- [DATA]:
● ● ●

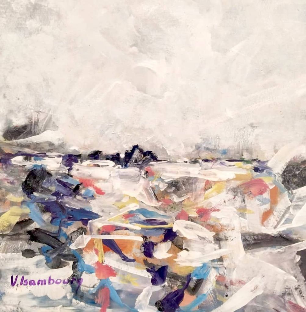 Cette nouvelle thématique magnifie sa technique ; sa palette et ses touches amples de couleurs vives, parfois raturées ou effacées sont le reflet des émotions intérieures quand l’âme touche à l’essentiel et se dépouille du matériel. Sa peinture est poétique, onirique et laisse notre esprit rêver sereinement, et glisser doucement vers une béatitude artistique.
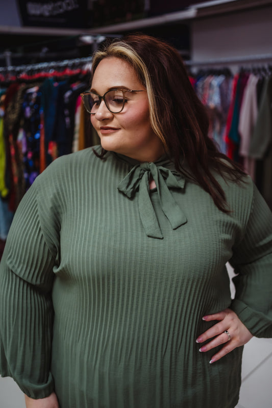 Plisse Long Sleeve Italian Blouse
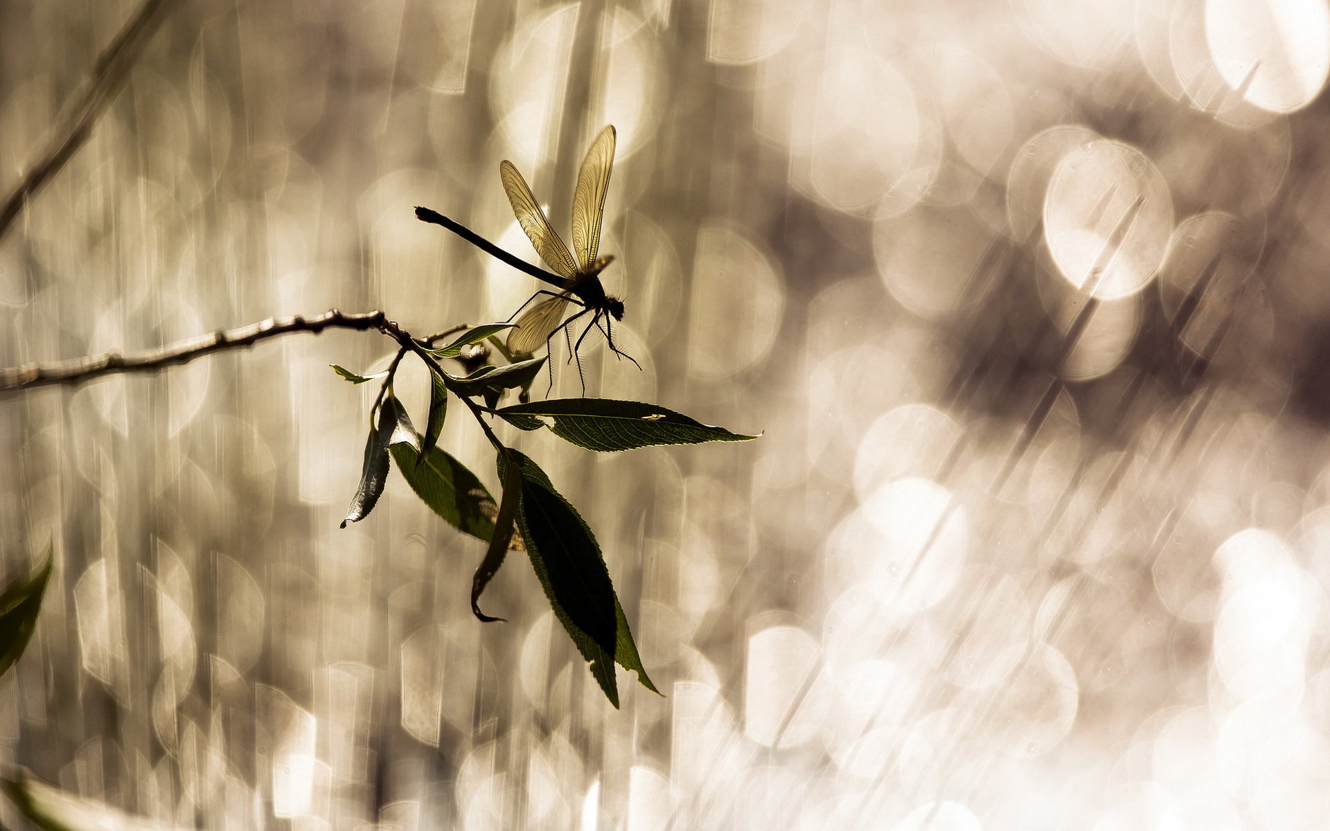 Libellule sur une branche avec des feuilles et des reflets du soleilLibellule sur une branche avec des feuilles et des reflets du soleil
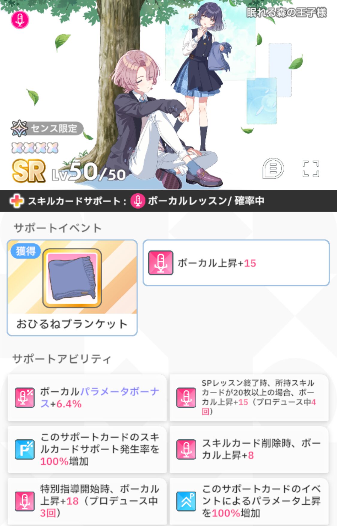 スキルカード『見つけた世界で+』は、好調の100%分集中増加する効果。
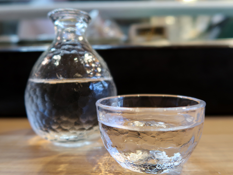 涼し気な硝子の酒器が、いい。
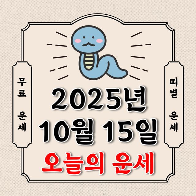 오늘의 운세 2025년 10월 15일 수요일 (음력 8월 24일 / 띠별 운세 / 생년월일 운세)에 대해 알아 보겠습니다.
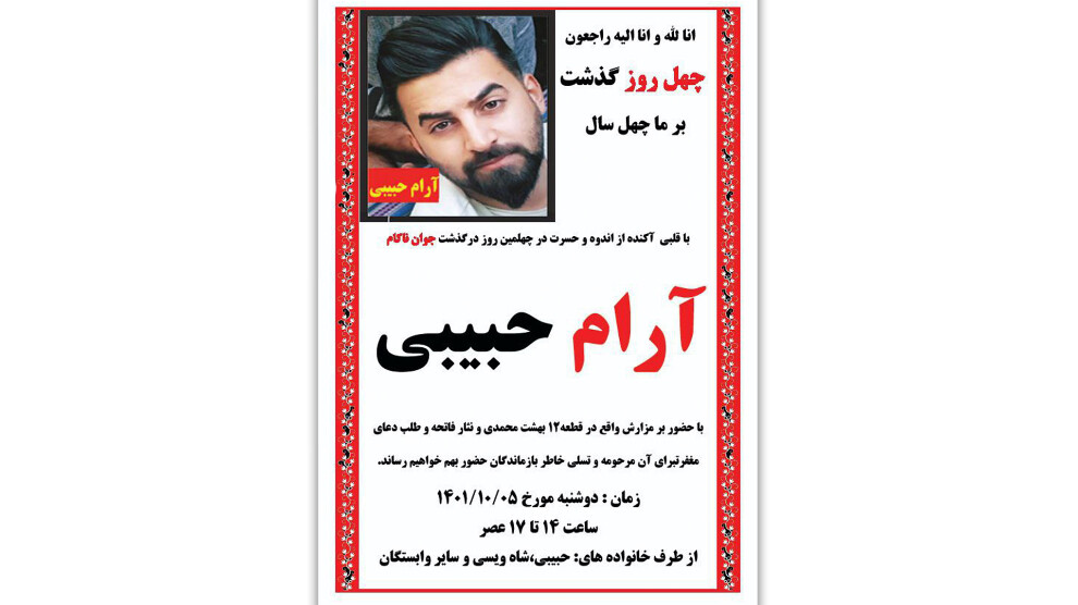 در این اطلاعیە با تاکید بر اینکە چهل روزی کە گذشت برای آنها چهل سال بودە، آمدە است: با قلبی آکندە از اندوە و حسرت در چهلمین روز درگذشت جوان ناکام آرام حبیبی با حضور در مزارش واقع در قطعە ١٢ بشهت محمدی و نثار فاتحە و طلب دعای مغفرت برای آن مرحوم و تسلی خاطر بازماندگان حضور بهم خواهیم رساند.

● ● ●

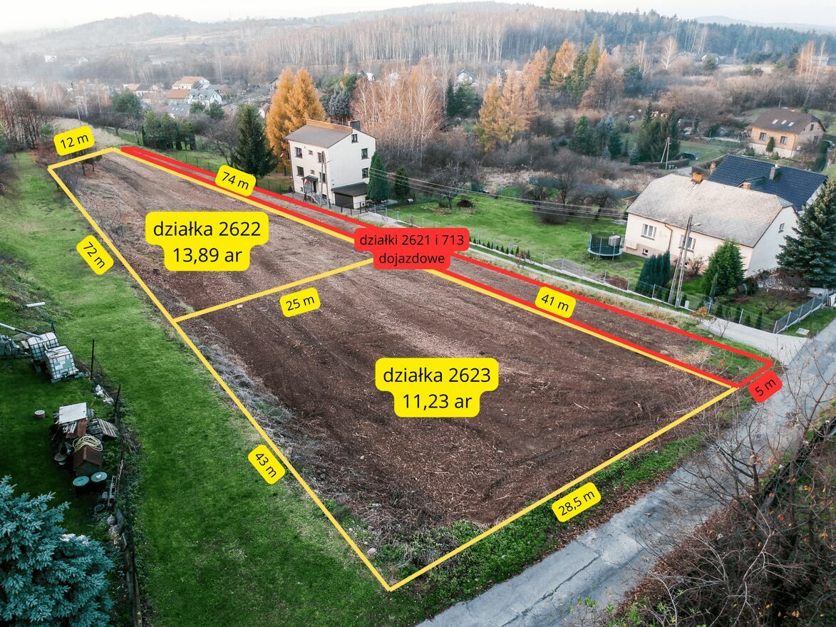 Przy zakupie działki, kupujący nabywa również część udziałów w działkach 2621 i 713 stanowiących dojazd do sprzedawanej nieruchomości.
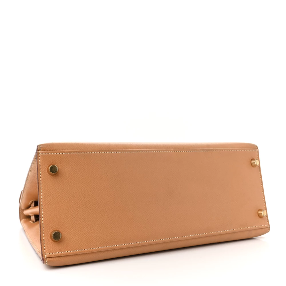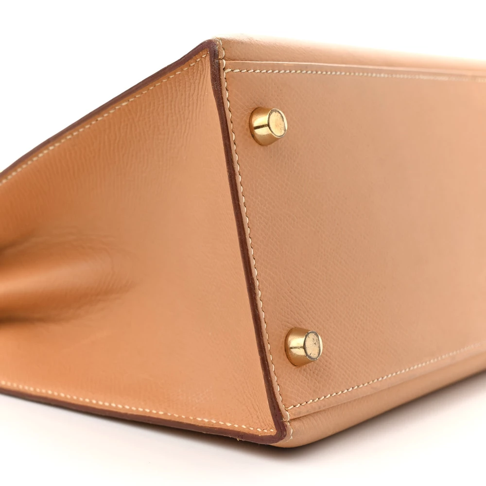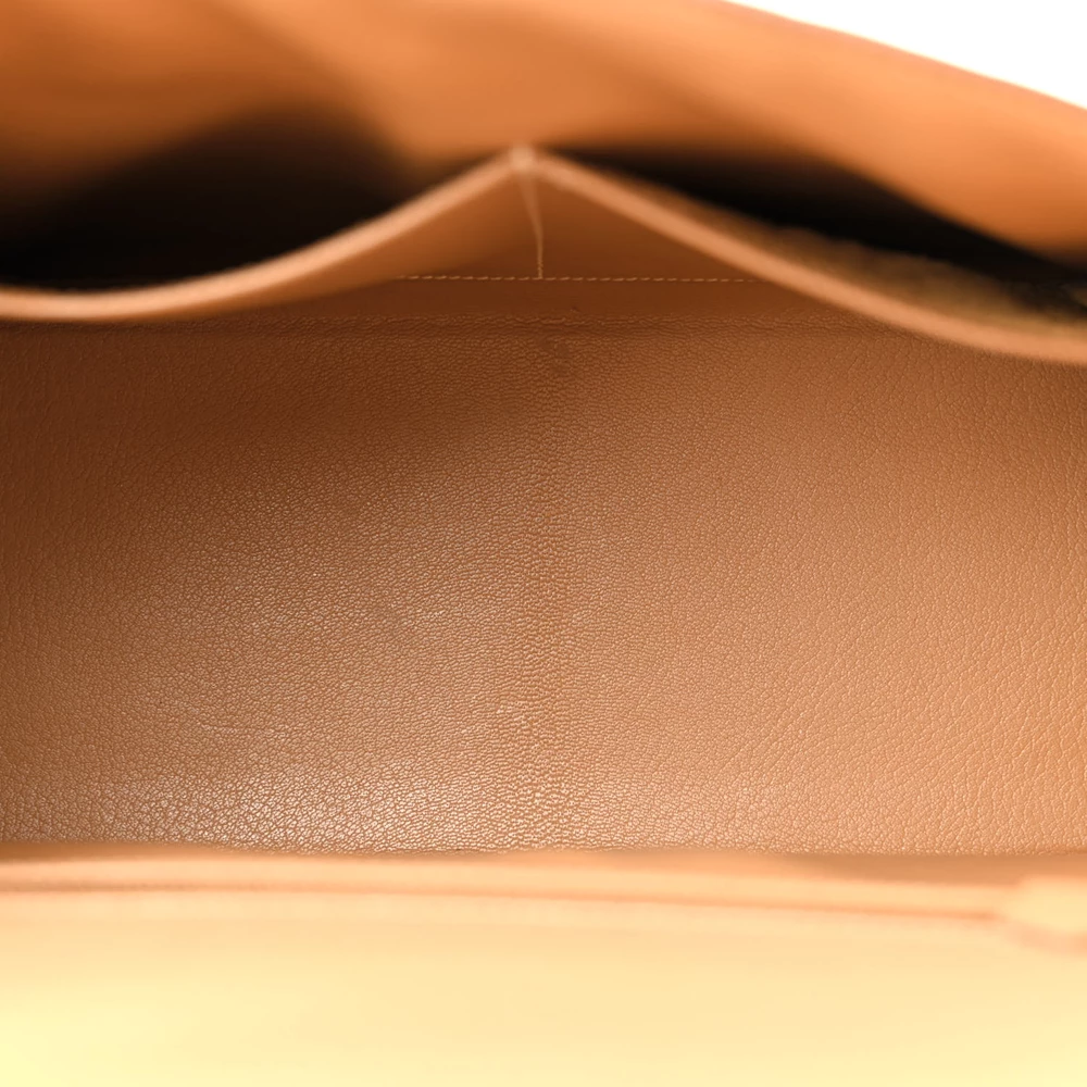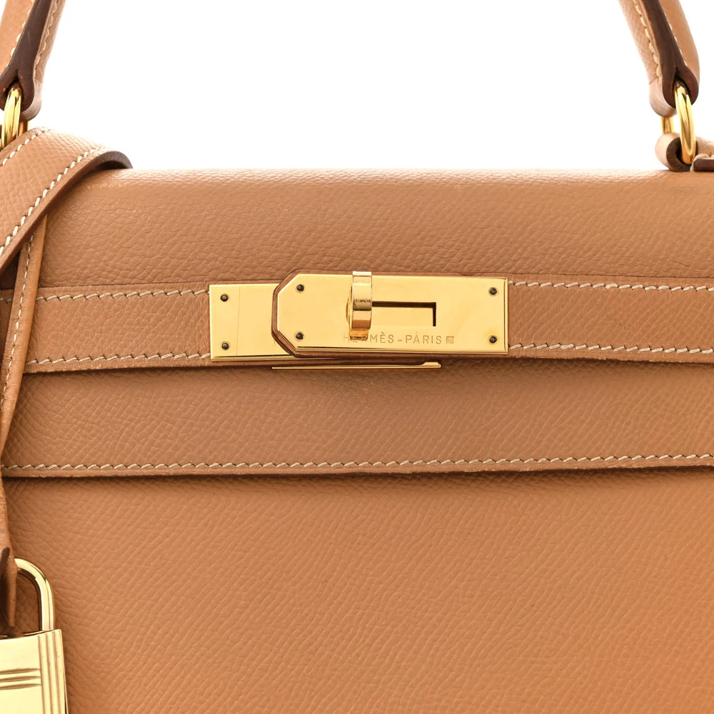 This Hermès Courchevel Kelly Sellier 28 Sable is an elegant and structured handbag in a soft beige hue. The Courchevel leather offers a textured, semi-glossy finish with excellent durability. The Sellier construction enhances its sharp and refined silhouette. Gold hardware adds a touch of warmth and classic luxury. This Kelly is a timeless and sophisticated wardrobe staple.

● ● ●

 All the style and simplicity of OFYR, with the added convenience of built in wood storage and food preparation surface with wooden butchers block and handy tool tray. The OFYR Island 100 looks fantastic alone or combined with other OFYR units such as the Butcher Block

● ● ●

- [WORK TASK]:
Exactly reproduce the lines above, starting at the one that contains "涼し気な硝子の酒器が、いい。" and ending at the one that contains "در این اطلاعیە", both inclusive; leave the pictures out and add no other lines.

- [SOLUTION]:
 涼し気な硝子の酒器が、いい。
 오늘의 운세 2025년 10월 15일 수요일 (음력 8월 24일 / 띠별 운세 / 생년월일 운세)에 대해 알아 보겠습니다.
 در این اطلاعیە با تاکید بر اینکە چهل روزی کە گذشت برای آنها چهل سال بودە، آمدە است: با قلبی آکندە از اندوە و حسرت در چهلمین روز درگذشت جوان ناکام آرام حبیبی با حضور در مزارش واقع در قطعە ١٢ بشهت محمدی و نثار فاتحە و طلب دعای مغفرت برای آن مرحوم و تسلی خاطر بازماندگان حضور بهم خواهیم رساند.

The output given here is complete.